This report, based on a survey of 210 American art museums in 2016 that followed up on issues uncovered in a similar survey in 2013, finds that a “gender gap persists” in art museums, despite “incremental gains in some areas of pay and employment representation”. Of the 210 responses from art museum directors in 2016, 100 were female (48%). While women direct most of the museums with budgets below $15 million (54%), female directors represent one-third or less of all museum directors in larger institutions.
Given the “severe lack of hard data” on diversity in Canadian art galleries, the author of this report, with assistance from anonymous collaborators, created a dataset of the diversity in select leadership positions in 80 galleries that have received core funding from the Canada Council for the Arts (as well as the separately-funded National Gallery of Canada). The resulting statistics indicate that “gallery management is whiter than Canadian [visual] artists in particular, and the Canadian public in general”. Regarding gender equity, the report finds that “women dominate Canada’s art field” but their majority is weakest in its top echelons.
Based on Canadian, American, and United Kingdom employment surveys, this report compares the creative economy in the three countries. Based on the definitions used in the report, Canada’s creative economy is comprised of 2.2 million workers, including 534,000 creative workers in creative industries, 815,000 creative workers in non-creative industries, and 893,000 non-creative workers within the creative industries. Comparisons between the three countries show that Canada has the highest share of total employment on three related measures.

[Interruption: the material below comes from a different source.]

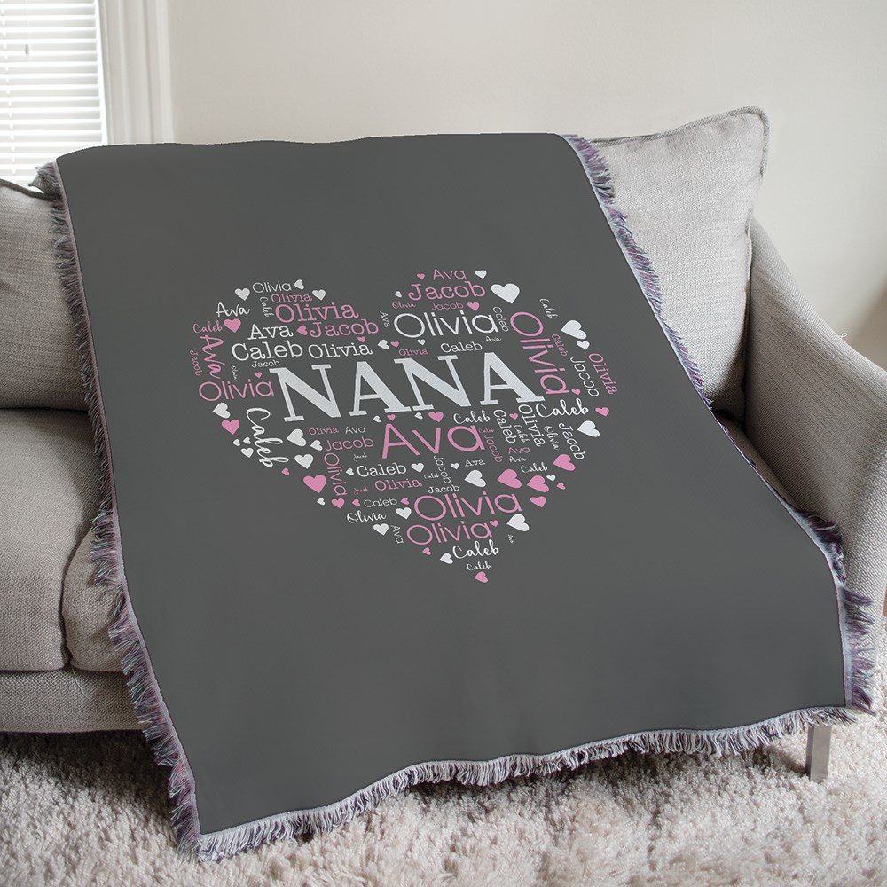 Wrap yourself in love when you use this Personalized Heart Word Art 50x60 Afghan Throw. This unique blanket will be personalized to your loved one using our exclusive word art tool. Add any title to make this throw just for her. Put family member's names in to create a design that is completely unique and customized to your home - you choose the color scheme, names and even icons. The Word-Art design will run off of the edge of the afghan. Plus our blankets make for touching personalized Mother's Day gifts. If you would like to see another rendition of your word art design simply select the View Your Personalization button again. This will automatically create another version for review.

Based on “a literature review, phone interviews, online surveys, artist roundtables and the development of an inventory of training providers”, this report examines the current situation and needs regarding skills training and supports for artists and arts organizations in Nunavut.
This series of research projects included three primary research endeavours: 1) a comparison of the finances of 19 B.C. arts, culture, and heritage organizations with 38 “peer” organizations in other provinces; 2) analysis of a province-wide survey of arts, culture, and heritage organizations; and 3) a summary of 14 qualitative interviews “related to human resources, community engagement and impacts, diversity, the entrepreneurial nature of B.C. arts organizations, and the nature of success for different groups”.
This aggregate profile of 184 Ontario museums “identifies the realities of operating museums in Ontario today” and provides “compelling evidence to demonstrate museum impacts and their economic, social and cultural contributions to Ontario’s communities”. The 184 Ontario museums responded to a survey designed and conducted by the Ontario Museum Association (OMA) in 2014-2015, and the survey results were analyzed by Hill Strategies Research Inc.
This 358-page report presents a number of findings concerning “the characteristics, needs, and support systems” of “ethnocultural arts organizations”. The report is based on a literature review, data collection and analysis from existing sources (such as the Canada Revenue Agency), an assessment of organizations’ needs (using results from a custom survey of ethnocultural arts organizations as well as interviews with representatives of 55 Canadian and 83 American organizations), an assessment of support programs dedicated to diverse organizations (by 95 Canadian arts service organizations and funders), and an analysis of gaps in these supports (based on a comparison of organizations’ needs and existing supports).
A key finding of this report, which delves into statistics on arts and culture volunteers and donors, is that there were “1 million donors and 900,000 volunteers in arts and culture organizations” in 2013.
Prepared for a 2013 Forum on Quebec Song, this French-language opinion piece attempts to stimulate reflection on the state of Quebec song and French-language song in particular. Raising important questions, the article examines topics such as internationalization, technological change, touring, training, and funding. The article argues that “these days, much imagination is required to develop new sources of revenue” for singers, songwriters, and music groups.
Based on the 2013 National Graduates Survey and the 2011 National Household Survey, this report examines the labour force situation of arts graduates and the post-secondary education of artists in Canada.